The future of enterprise AI is built on data, not applications

This is a guest blogpost by Andy MacMillan, CEO of Alteryx

Market consolidation has been rife in the enterprise IT market this year, the most significant move happening in late May with Salesforce’s $8 billion acquisition of Informatica. In truth, this could have been seen from a mile off. Business leaders are all-in on generative AI but struggling to scale the technology at large as they wrestle with data siloes and the gigantic task of reimagining entire business processes with AI in mind.

That’s where things get complicated. Enterprise IT and application platforms going down the M&A path to offer the “complete” AI data stack for IT departments risk overlooking the wider spectrum of business users who will be the driving force for enterprise AI adoption at scale. Data needs to move more freely than ever before in today’s context. This requires more than an application reshuffle.

Untangling and unlocking the data lakehouse

The last five years have seen more and more organisations aggregate their data from business applications into data lakehouse infrastructure. This has certainly helped companies move faster toward becoming data led. But rolling out AI across the enterprise is a whole other challenge.

First, boards are understandably cautious about feeding vast portions of their data lake into AI models or systems. A more strategic, selective approach, making only the most relevant data accessible to AI tools, is typically preferred. Second, data stored within a lakehouse architecture is often organised around specific business functions. For instance, data from ERP systems is fundamentally different in structure and purpose from data generated by CRM platforms. All of this data needs to be reorganised to be used by AI models and agents.

A key aspect of this reorganisation will be translating the business logic underlying processes into AI to accompany the relevant data. Whether it’s managing return policies or forecasting sales, the teams closest to daily business operations are best positioned to identify high-impact AI use cases. Enterprise-wide AI initiatives driven solely by IT often struggle to scale because they overlook the need for this deep, functional expertise.

An AI data clearinghouse comes into focus

Breaking this impasse will require fresh thinking. For agentic systems to deliver meaningful value, they must be grounded in business-specific, context-rich first-party data. Without it, the potential of co-pilots and AI agents remains fundamentally limited.

The “AI data clearinghouse” is a concept I’ve been discussing with business leaders across the globe over recent months. It resonates because it offers solutions to commonly felt struggles slowing down AI rollouts. The idea is to use a neutral, business-user friendly software layer to pull in data from all business applications with an interface to build visual workflows with steps to factor in business logic, connectors and governance checks. The workflows are the processes behind AI applications and can be shaped by the very business users those applications are designed for. Drag-and-drop ease of building workflows, rather than coding, makes the process accessible to as wide a set of business users as possible.
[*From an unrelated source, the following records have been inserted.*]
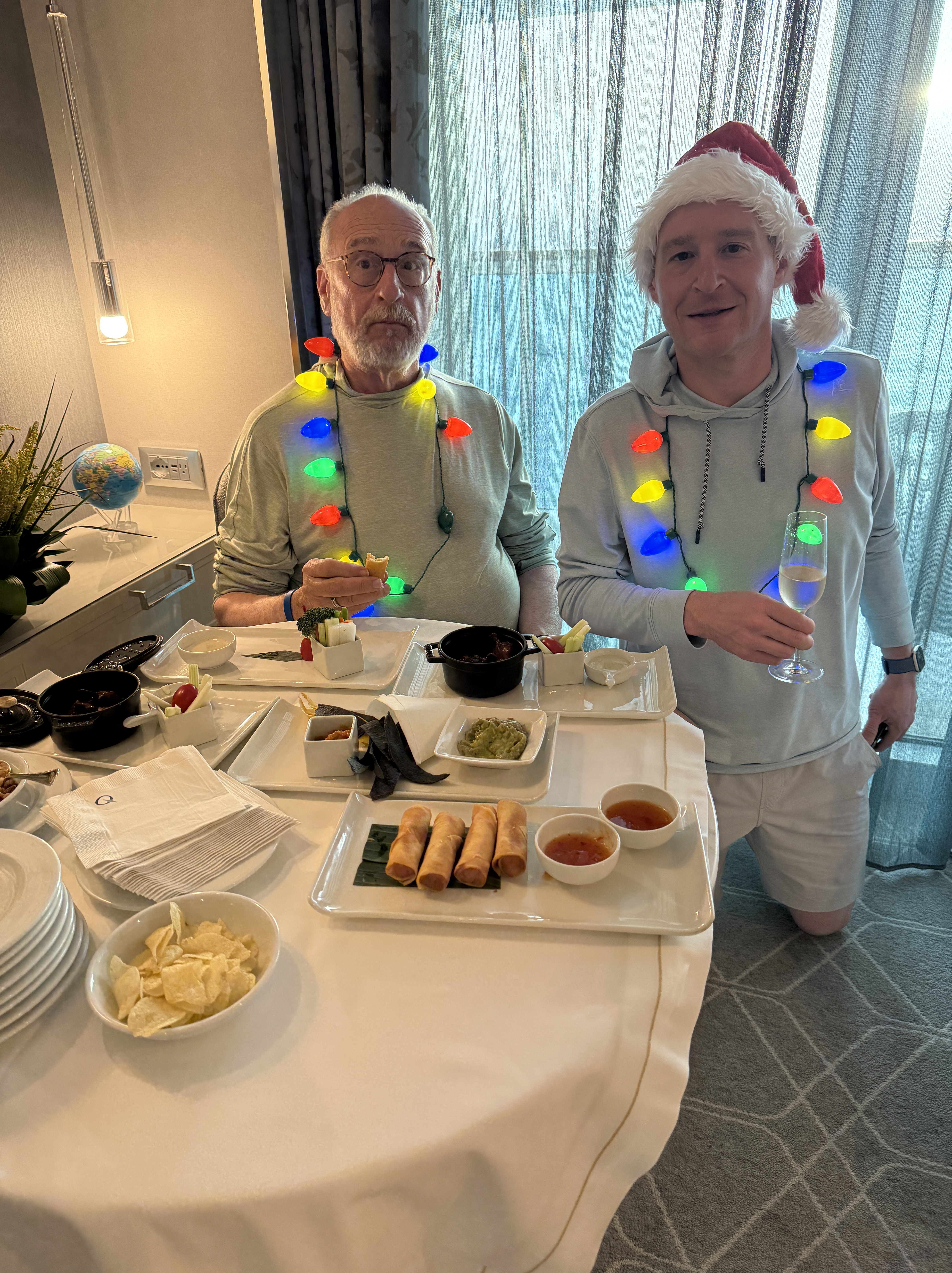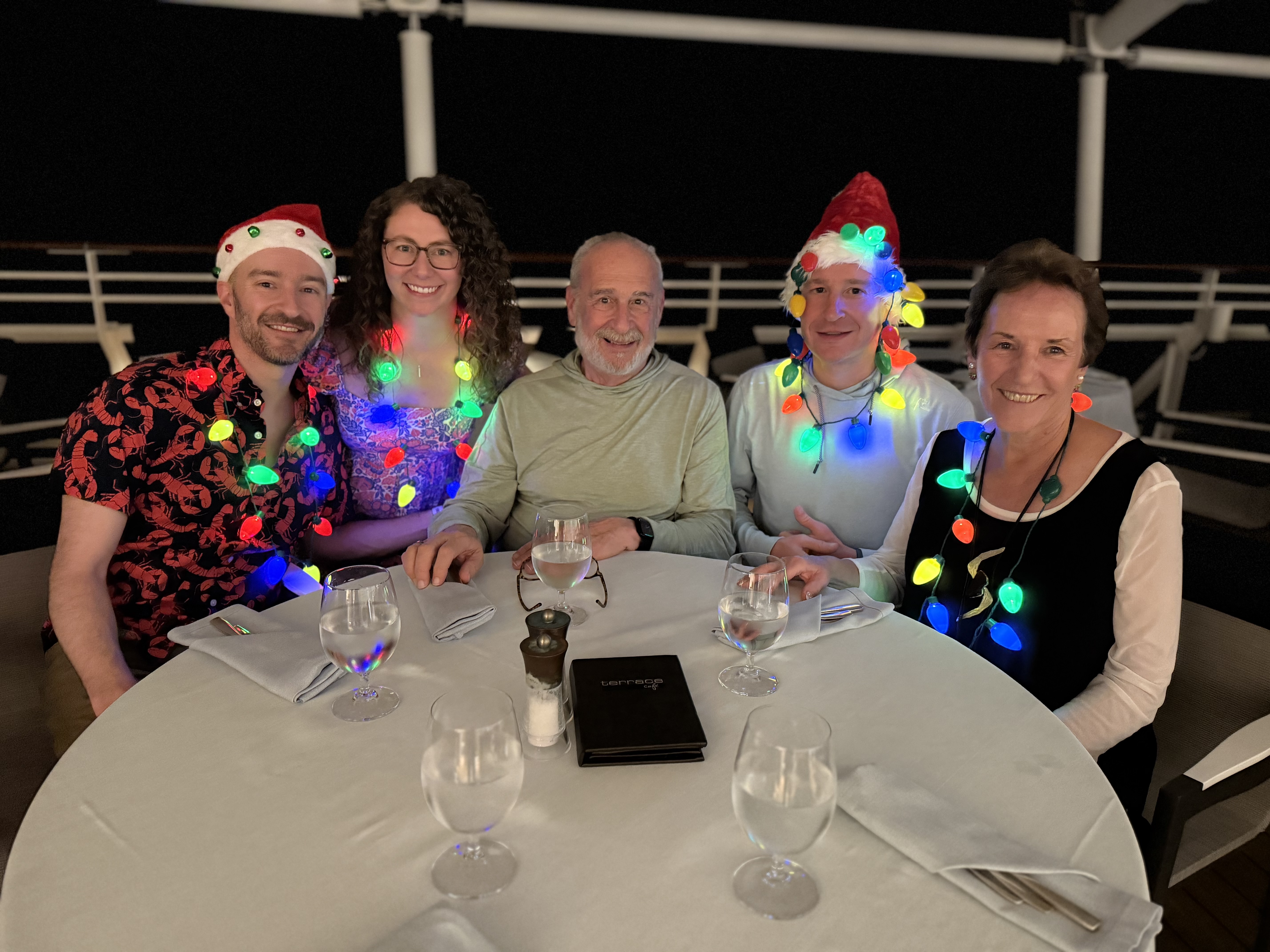The entertainment staff presented a special holiday show tonight and at the end many of the ship’s staff came on stage and sang with us. Afterward, they lined the hall as we left the theater and clapped for us!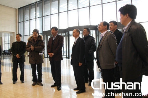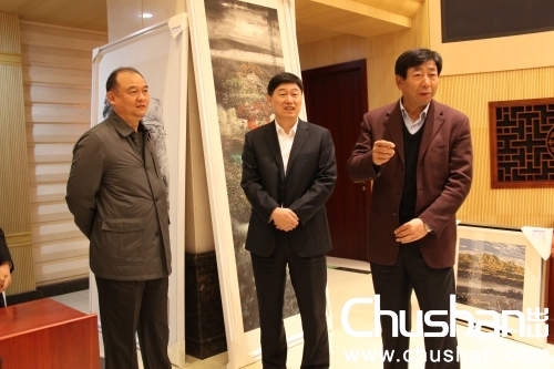 中國鐵建董事長、黨委書記孟鳳朝(右一)、總裁張宗言(中),黨委副書記、紀(jì)委書記、監(jiān)事會主席、大路美協(xié)主席齊曉飛(左一)到場參觀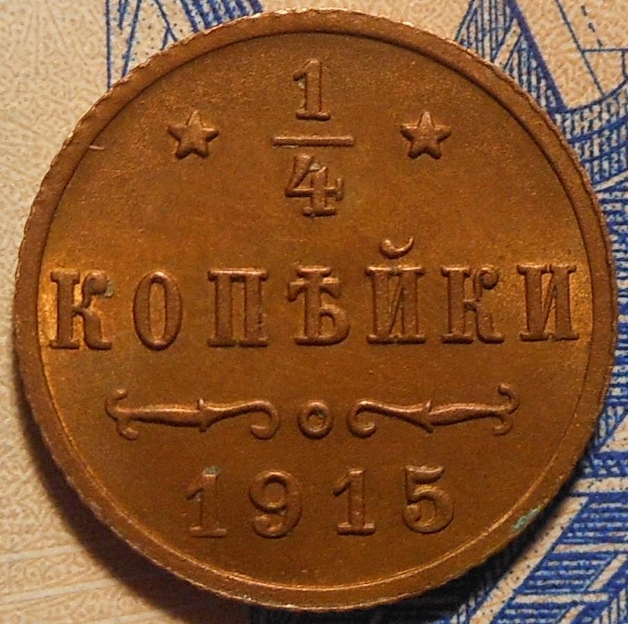 1/4 копейки 1915 года СПБ в штемпельном блеске, оценка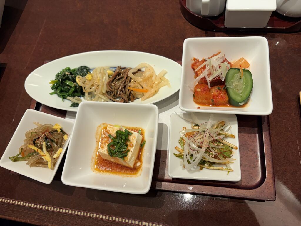 那須(なす)コースを予約しました。・前菜盛合せ(キムチ盛合せ、ナムル盛合せ、南大門サラダ、韓国奴、イカフェ、チャプチェ)・塩焼物盛り合わせ(上タン塩焼・上ハラミ塩焼・豚バラ塩焼)・たれ焼き物盛合せ(和牛上カルビ・和牛上ロース・牛ホルモン)・お食事(冷麺orビビンバorコムタンがゆ)・デザート(手作りプリンor手作り杏仁豆腐orアイスクリーム)の豪華メニューでした。LINEでドリンク1杯無料になったり、みんな満足そうでした(^^) (訪問:2025/02/07)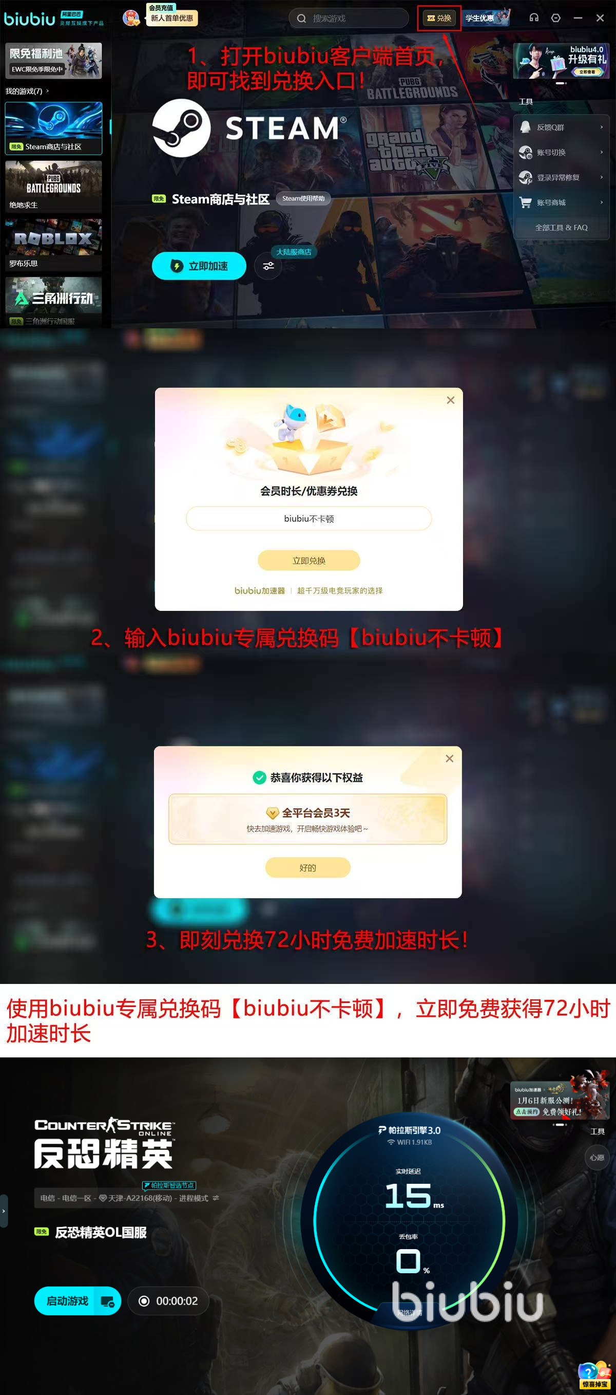 现在就是体验biubiu加速威力的好时机,平台推出了新人激励计划,立即注册就有无门槛专属加速24小时,输入【biubiu不卡顿】即可零门槛畅享高速网络72小时,两项活动叠加,轻松拥有4天免费加速体验,摆脱闪退卡顿,畅享丝滑战斗。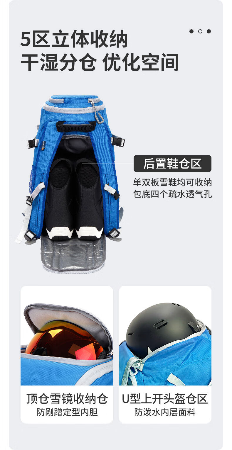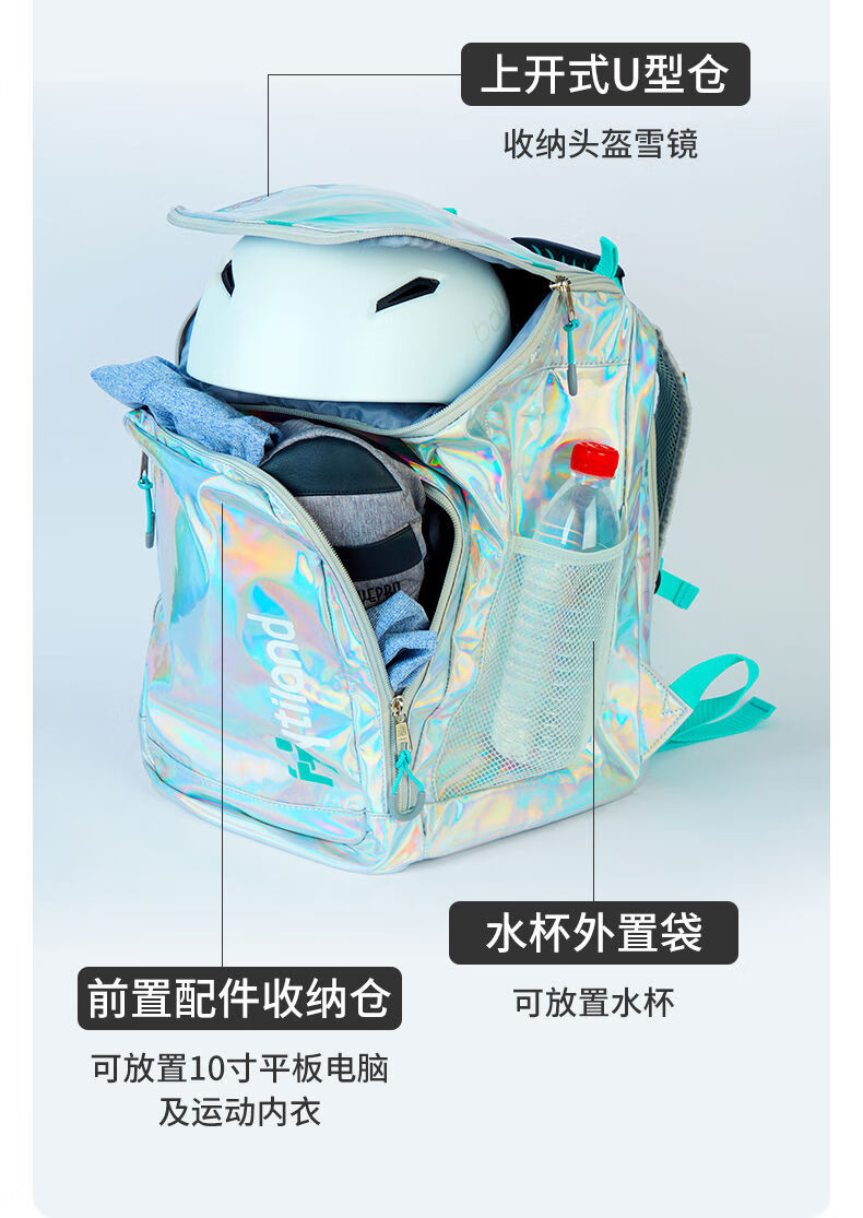 Ski boots for single and double board, roller skates, skates, shoes, wet and dry compartments, children's multifunctional ski backpack, laser silver 32L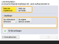 Wenn Sie <Notiz bei Ergebnissen> auswählen, wird für jeden Sendeauftrag eine Benachrichtigungs-E-Mail gesendet. Wenn Sie <Notiz nur bei Fehler> auswählen, wird nur beim Auftreten eines Fehlers eine Benachrichtigungs-E-Mail gesendet.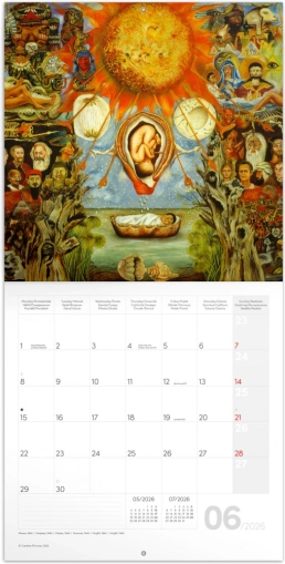 Kalenderen indeholder unikke værker af den ikoniske maler Frida Kahlo. Udnyt det overskuelige kalendarium fra september 2025 til december 2026 på seks sprog for bedre planlægning.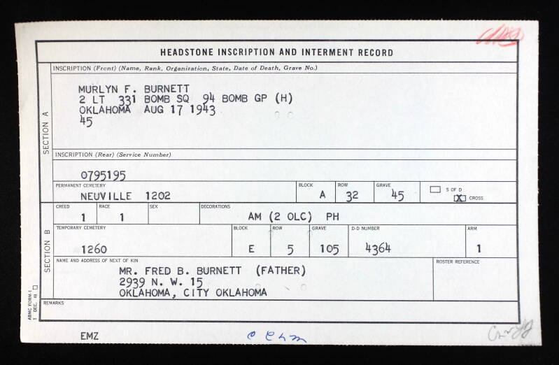 Entered the Service from: 19 jun 1941 Oklahoma He enlisted as a Private in the Army Air Corps on June 19, 1941, prior to the war, in Oklahoma City, Oklahoma. He was noted as being employed as a mechanic and also as Single, without dependents. Born: 28 March 1921 Oklahoma City, Oklahoma Hometown: Okfuskee County, Oklahoma Died: 17-Aug-43 |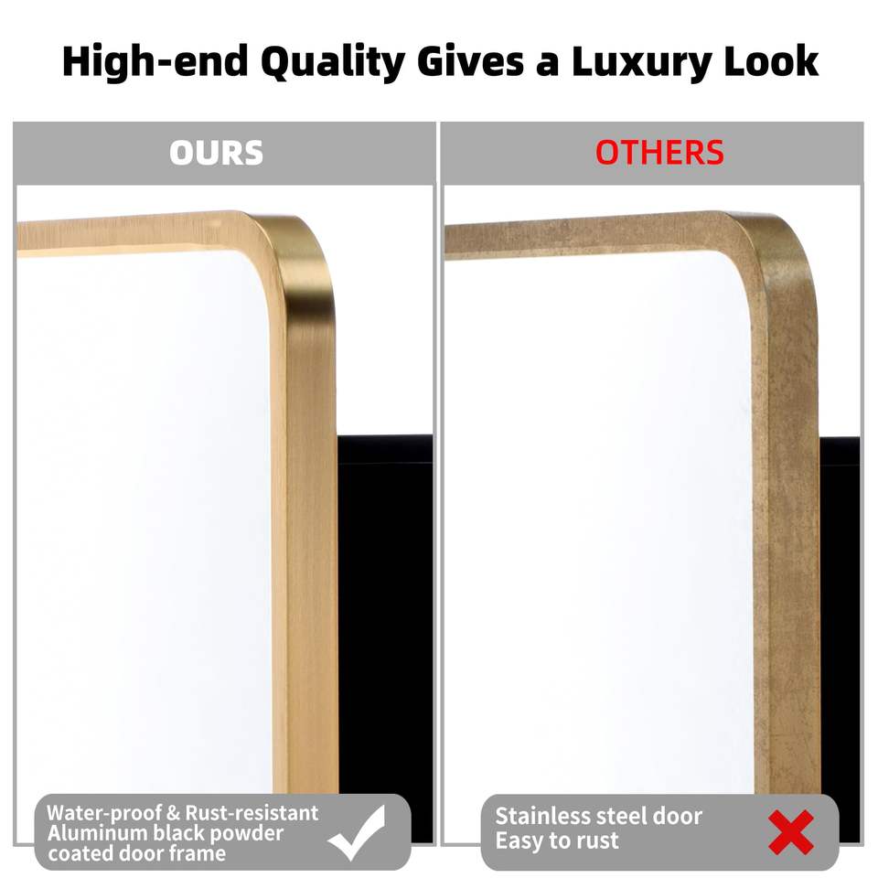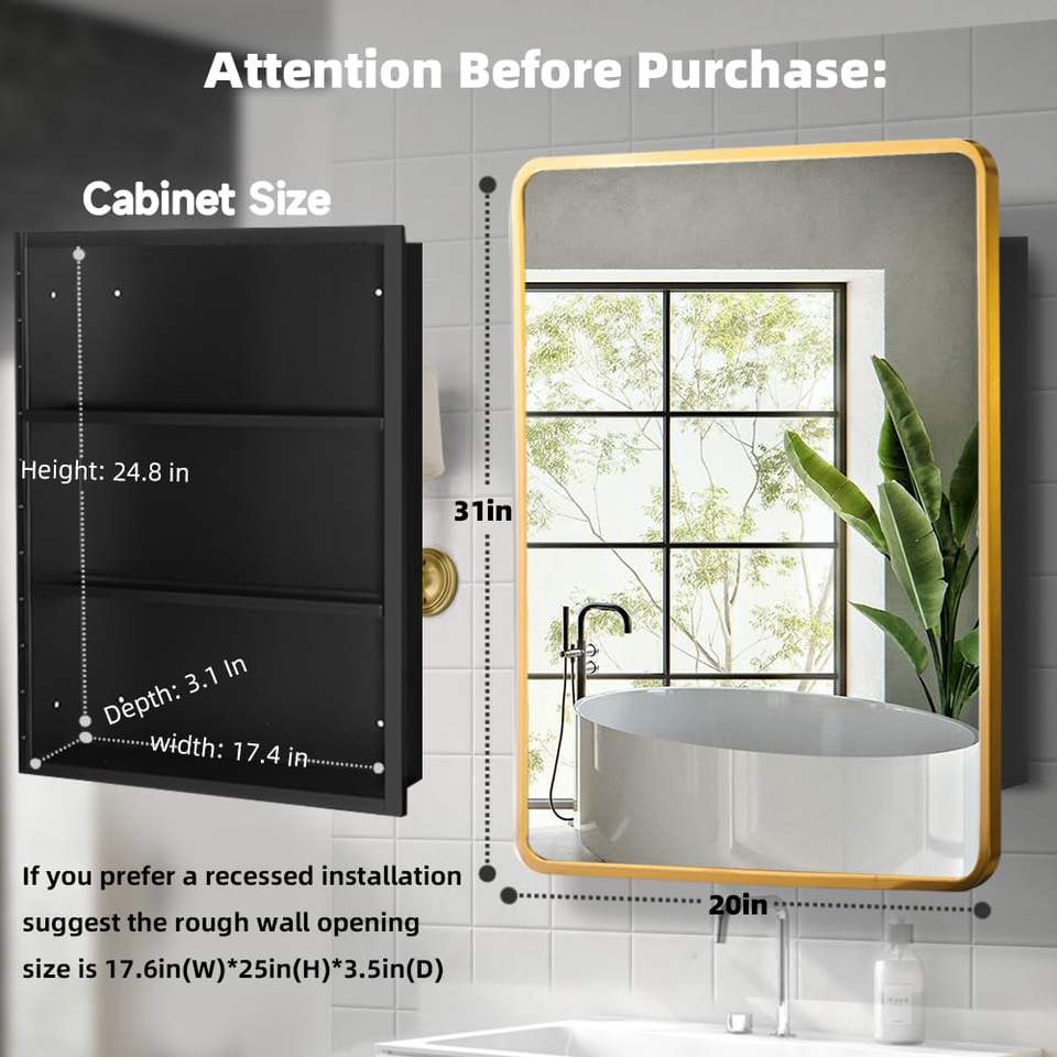 Modern Black Metal Framed Bathroom Mirror Rectangle Tilting Beveled Illuminated Medicine Cabinet with 1-Year Warranty for Hotels

This approach brings multiple advantages. By empowering business users to design AI workflows through visual tools, it not only democratises AI development but also helps overcome common governance hurdles in enterprise deployments. Visual workflows make it easy for compliance teams, risk officers, and senior leaders to quickly grasp the data pipeline behind an AI use case and provide informed input. As a result, AI becomes less of a black box and more of a transparent, collaborative process, enabling faster, more productive decision-making.

However, it’s still common for CEOs to prioritise a vision to become an AI-first company while, at the same time, pushing down broad directives for no first-party data to be inputted into AI systems. Data is the most valuable asset in many modern enterprises, so the reservation is understandable. But there needs to be a compromise for AI to make a serious impact in an enterprise, and an AI data clearinghouse helps make progress here.

Data everywhere

One-stop shop data architecture platforms and co-pilot products are easily positioned as convenient. But it’s increasingly evident that they’re not going to be the breakthrough for at-scale enterprise AI adoption that our industry is waiting for.

The creation and embedding of AI workflows into enterprises can’t be a repeat of a past which saw teams across a business put in requests to an over-stretched business intelligence team for any data-backed insight and wait days for a response. That’s not the future. Business users need to be given a hand in shaping AI workflows and the tooling to do so, in a manner that satisfies senior leaders who are keen to know that all internal uses of AI are in step with internal usage polices and regulatory requirements.

We’re at a pivotal moment, as AI begins to move beyond isolated projects and limited use cases to broader enterprise adoption. The companies that lead this shift will be the ones bold enough to rearchitect their data foundations for AI, and forward-thinking enough to empower business users as active participants in the transformation.